Exercise instructions: Among the entries below, copy only the span from the line containing "ºÎȸÀå µîÀÌ °á½ÂÀü" through the line containing "1)學(xué)歷要求:大專". Do so exactly, and skip the pictures.

Records:

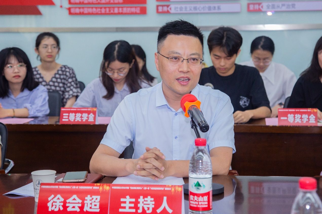 徐会超副院长在仪式伊始指出,2021年是中国共产党建党100周年,本次奖助学金的评选与颁奖列入了银河践行“学党史 办实事 见行动”的主题活动,在七一前夕、毕业生即将离校的时间节点举行此次颁奖仪式,意义不同寻常,既是向中国共产党建党一百周年献礼,也是为了激励广大同学立大志、明大德、成大才、担大任!
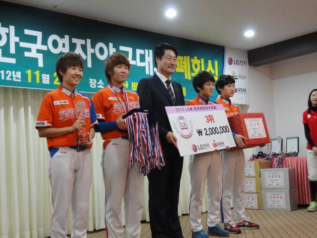 Çѱ¹¿©Àھ߱¸¿¬¸Í ±èÀ»µ¿ ȸÀå, ÀÌÇѼö ÀÍ»ê½ÃÀå, LGÀüÀÚ ±¸º»ÁØ ºÎȸÀå µîÀÌ °á½ÂÀü °üÀü ÈÄ Æóȸ½Ä¿¡ Âü¼®ÇØ ¼±¼öµéÀ» °Ý·ÁÇß´Ù.
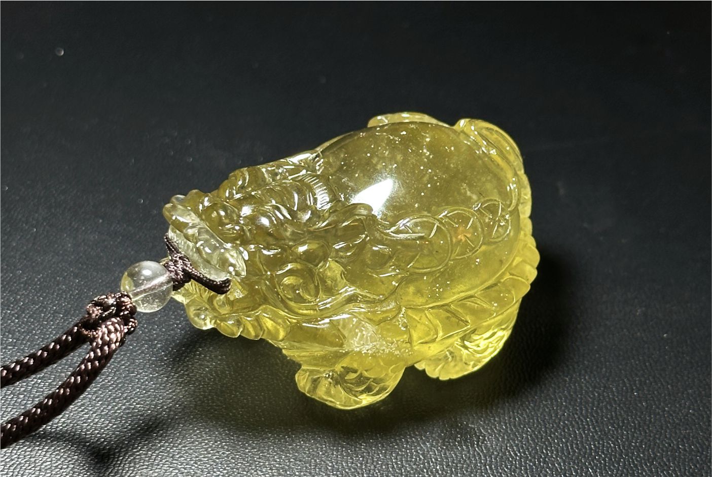 纯天然非人造满流光,透体浓金戒面级别的利比亚陨石,手工雕刻龙龟吊坠
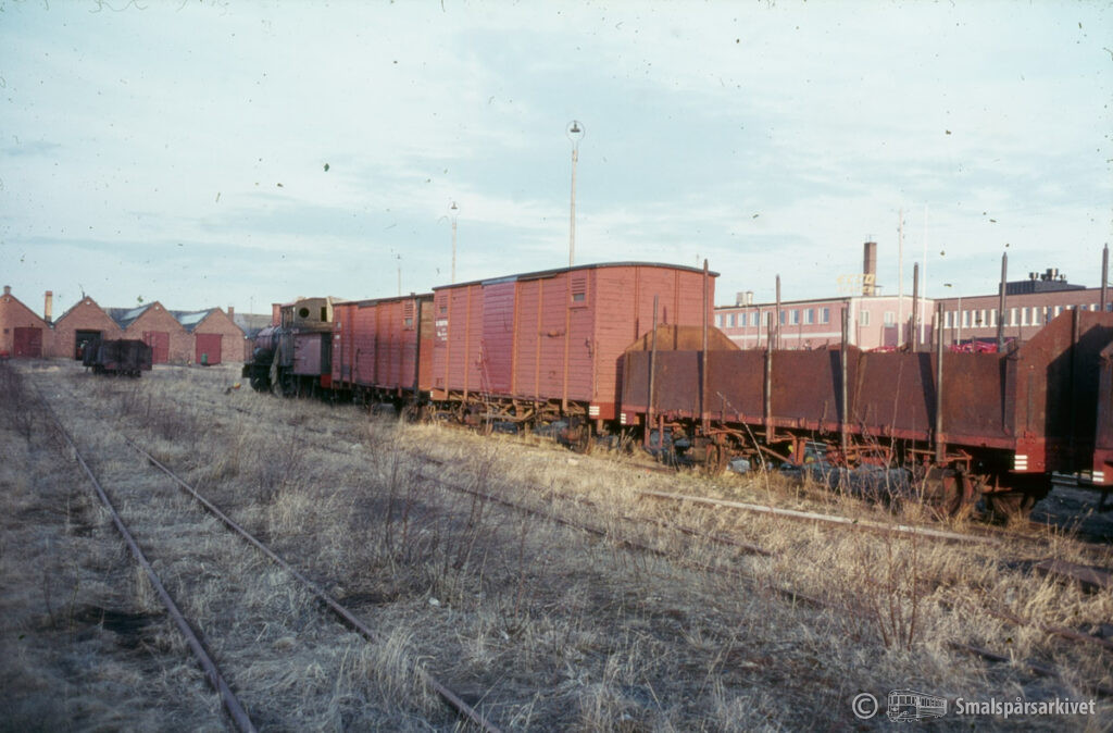 Ånglok VGJ 29 (SJ Gp 3119) och godsvagnar i Skara.
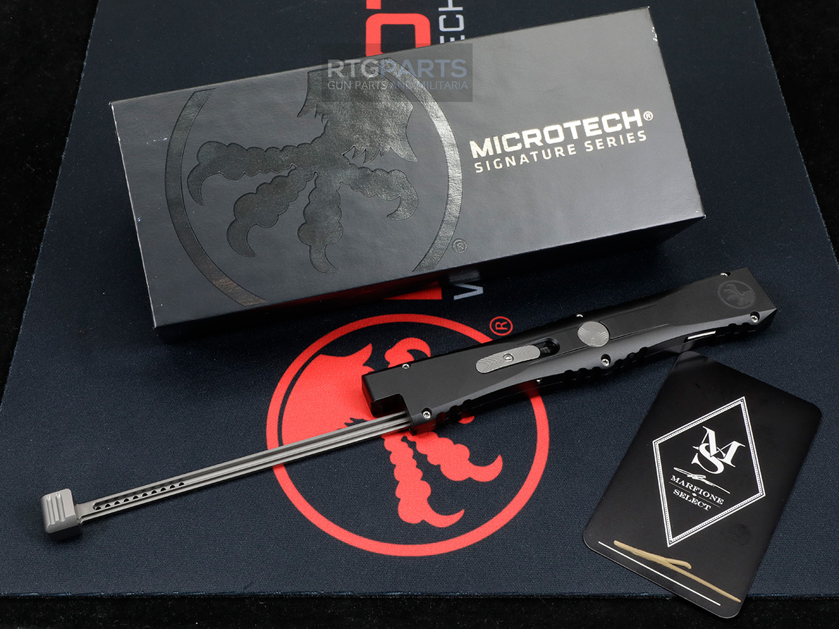 Microtech Marfione Select, Nemesis IV, Single Action Auto, 4.4" Double Edge MK390, Stonewash, Black Handle, Double Vapor Blast 17-4 Hardware, Made in the USA, 1152-10MS1
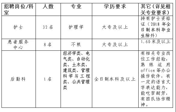 1)學(xué)歷要求:大專及以上學(xué)歷(本科生、有縣級(jí)醫(yī)院工作經(jīng)驗(yàn)者優(yōu)先);2)年齡要求:30周歲及以下(1989年1月后出生,持有主管護(hù)師職稱的可放寬至35周歲);
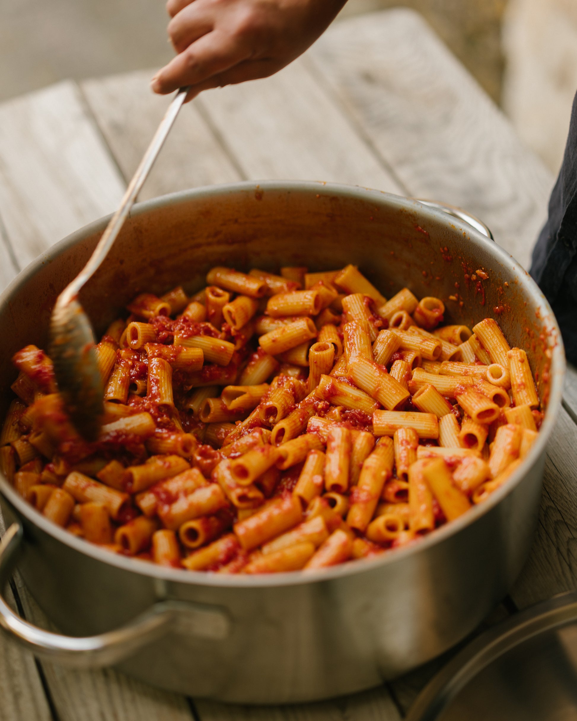 Passata: A blend of Cuore di Bue, Datterini, and San Marzano tomatoes from our terraced gardens on the Amalfi Coast. We run the seeds and skins through the strainer twice to ensure you are left with just pure pulp and juice, ready to go for any of Frank's methods.
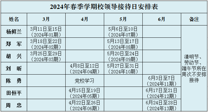 为进一步密切学校领导与师生员工的联系,广泛听取师生员工对学校各项工作的意见和建议,根据学校《校领导接待日制度》,现将2024年春季学期安排公布如下:
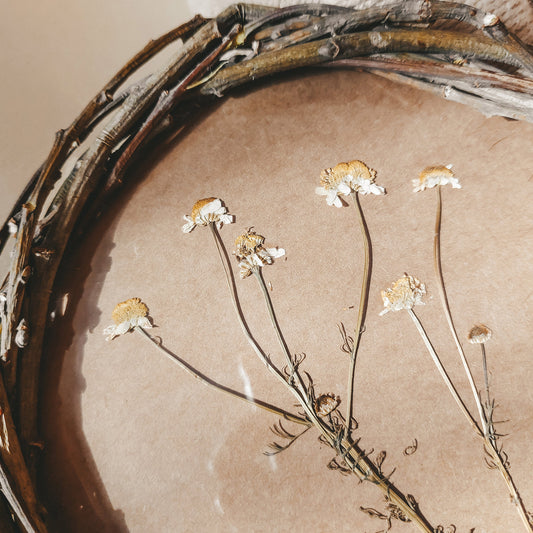 Vintage dried chamomile wildflower and plant on Craft brown paper & plexiglass Handmade vine frame Cottagecore wall hanging decor

Finished task:
 Çѱ¹¿©Àھ߱¸¿¬¸Í ±èÀ»µ¿ ȸÀå, ÀÌÇѼö ÀÍ»ê½ÃÀå, LGÀüÀÚ ±¸º»ÁØ ºÎȸÀå µîÀÌ °á½ÂÀü °üÀü ÈÄ Æóȸ½Ä¿¡ Âü¼®ÇØ ¼±¼öµéÀ» °Ý·ÁÇß´Ù.
 纯天然非人造满流光,透体浓金戒面级别的利比亚陨石,手工雕刻龙龟吊坠
 Ånglok VGJ 29 (SJ Gp 3119) och godsvagnar i Skara.
 Microtech Marfione Select, Nemesis IV, Single Action Auto, 4.4" Double Edge MK390, Stonewash, Black Handle, Double Vapor Blast 17-4 Hardware, Made in the USA, 1152-10MS1
 1)學(xué)歷要求:大專及以上學(xué)歷(本科生、有縣級(jí)醫(yī)院工作經(jīng)驗(yàn)者優(yōu)先);2)年齡要求:30周歲及以下(1989年1月后出生,持有主管護(hù)師職稱的可放寬至35周歲);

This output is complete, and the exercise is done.